The blackout further intensified the political turmoil in the country with President Nicolas Maduro and interim President Juan Guaidó taking the blame game to another level. 

Maduro pointed to the opposition as the ones behind the sabotage of the national grid. He accused opposition leader and self-declared interim president Juan Guaidó of trying to mount a coup with the help of “US imperialists”.

In response, Guaidó said on Twitter that the blackout was a matter of “chaos, concern and anger” and “evidence of the usurper’s inefficiency”, adding that “light would return” once Maduro was removed from power.

On Monday, Maduro announced on television that the recovery from power outages will be “little by little,” adding the outage was an “electronic coup” carried out by “criminal minds.”

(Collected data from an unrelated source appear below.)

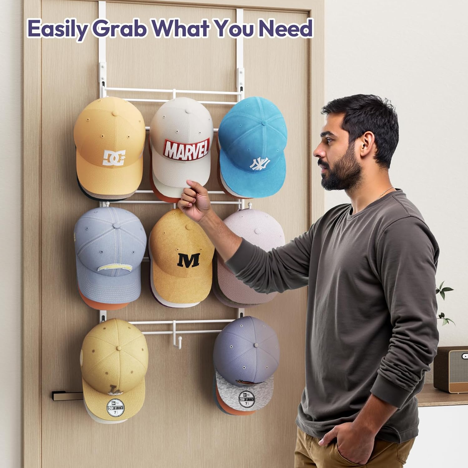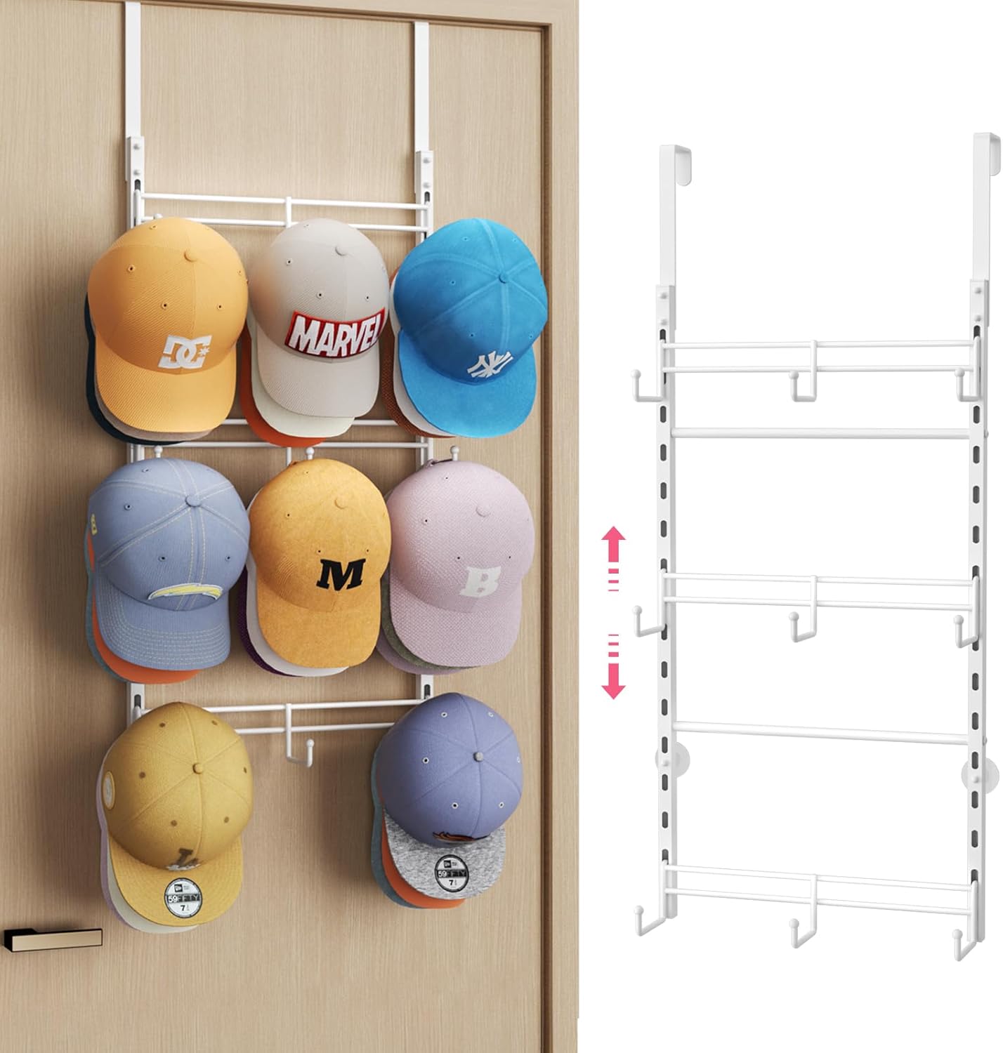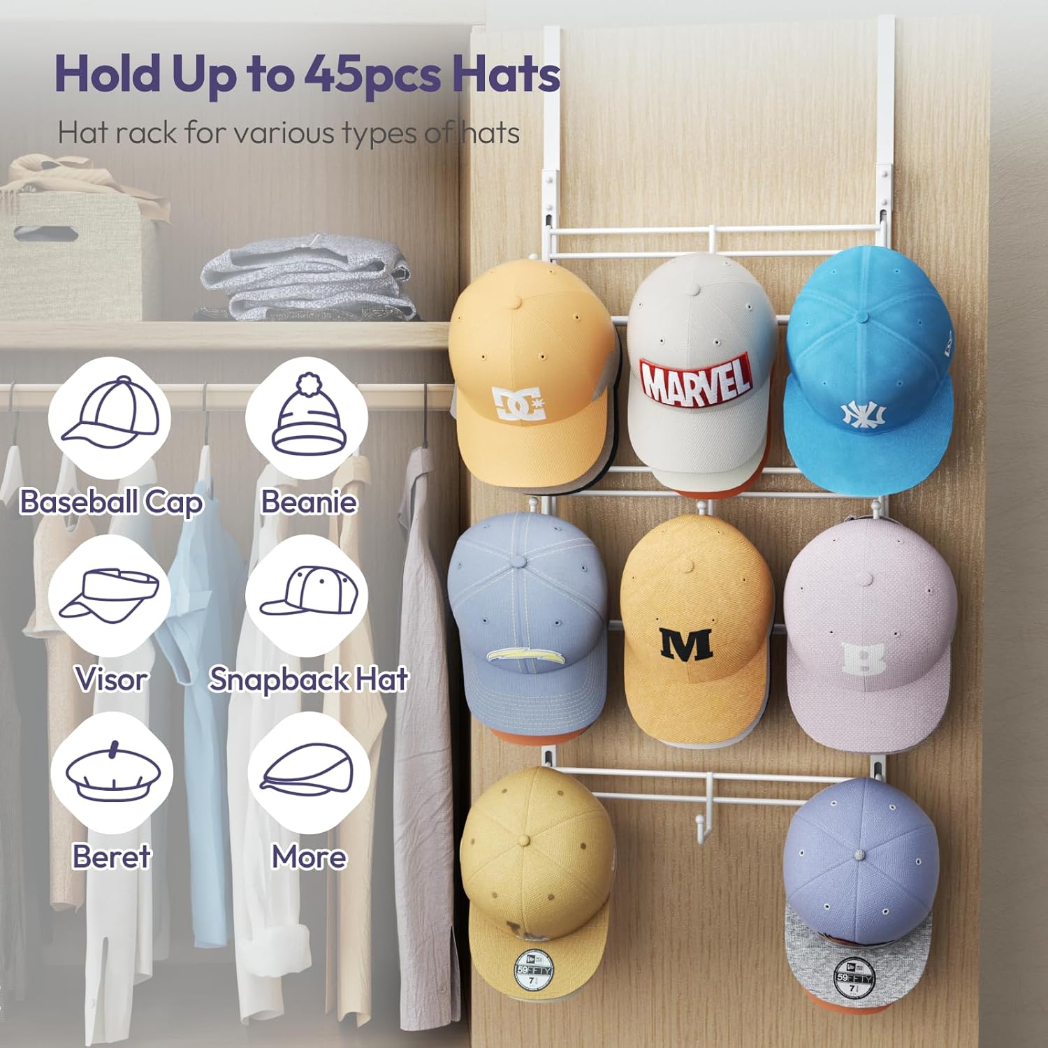 [Perfect for Home & Closet Use]: Designed to fit effortlessly over doors, on walls, or inside closets, this hat holder for close is a great addition to homes, dorm rooms, and apartments. No more messy piles – keep your hats displayed in style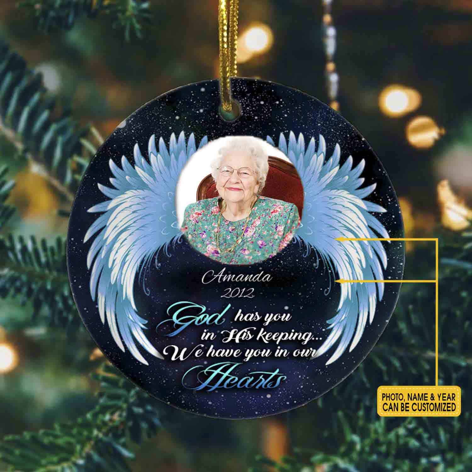 Let’s Shop Personalized Photo God Has You In His Keeping We Have You In Our Hearts Decorative Christmas Ornament!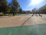 Отличная площадка в стилистике Динопарка: 4 лазелки разной сложности, лазелка со средней горкой, 2 качели-сетки и 2 простые качели, верёвочная карусель (опасная). Песочницы нету. Много скамеек с мусорками. По всей территории искусственное покрытие.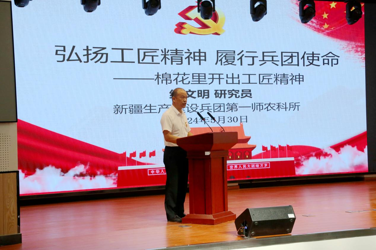 啟動儀式結束后,進入宣講活動專場。全國五一勞動獎章、大國工匠提名人物、兵團工匠年度人物、第一師阿拉爾市農科所黨委副書記、副所長練文明,結合親身經歷,用質樸的語言、鮮活的事例、真摯的情感,向廣大師生分享了他的奮斗歷程。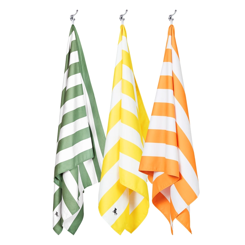 Chwyć szybkoschnący ręcznik plażowy z naszej klasycznej kolekcji Cabana, aby wyeliminować wilgotne zapachy i noszenie ze sobą ogromnego ręcznika ze swojego życia.

“It isn’t easy,” he said, congratulating the people of Venezuela, and added the country will “recover slowly.” He admitted large parts of the country “aren’t stabilized” and warned “more attacks” could be on the way.

“We are on the right side of history,” he said. “We are on the way to a great victory from the greatest blow ever delivered to Venezuela.”

Defense Minister Vladimir Padrino Lopez told reporters that the military has been deployed to protect Venezuela’s power installations from alleged saboteurs.

“We know who’s behind all this,” Padrino Lopez said, reiterating the government’s suspicion that the U.S. staged cyberattacks on Venezuela’s national grid.

Guaidó told CNN that the US cyberattack allegations made by Maduro’s administration were absurd:

“Venezuela’s main power plant is full of aging, analog machinery not connected to any network.

“We are in the middle of a catastrophe that is not the result of a hurricane, that is not the result of a tsunami. It’s the product of the inefficiency, the incapability, the corruption of a regime that doesn’t care about the lives of Venezuelans.”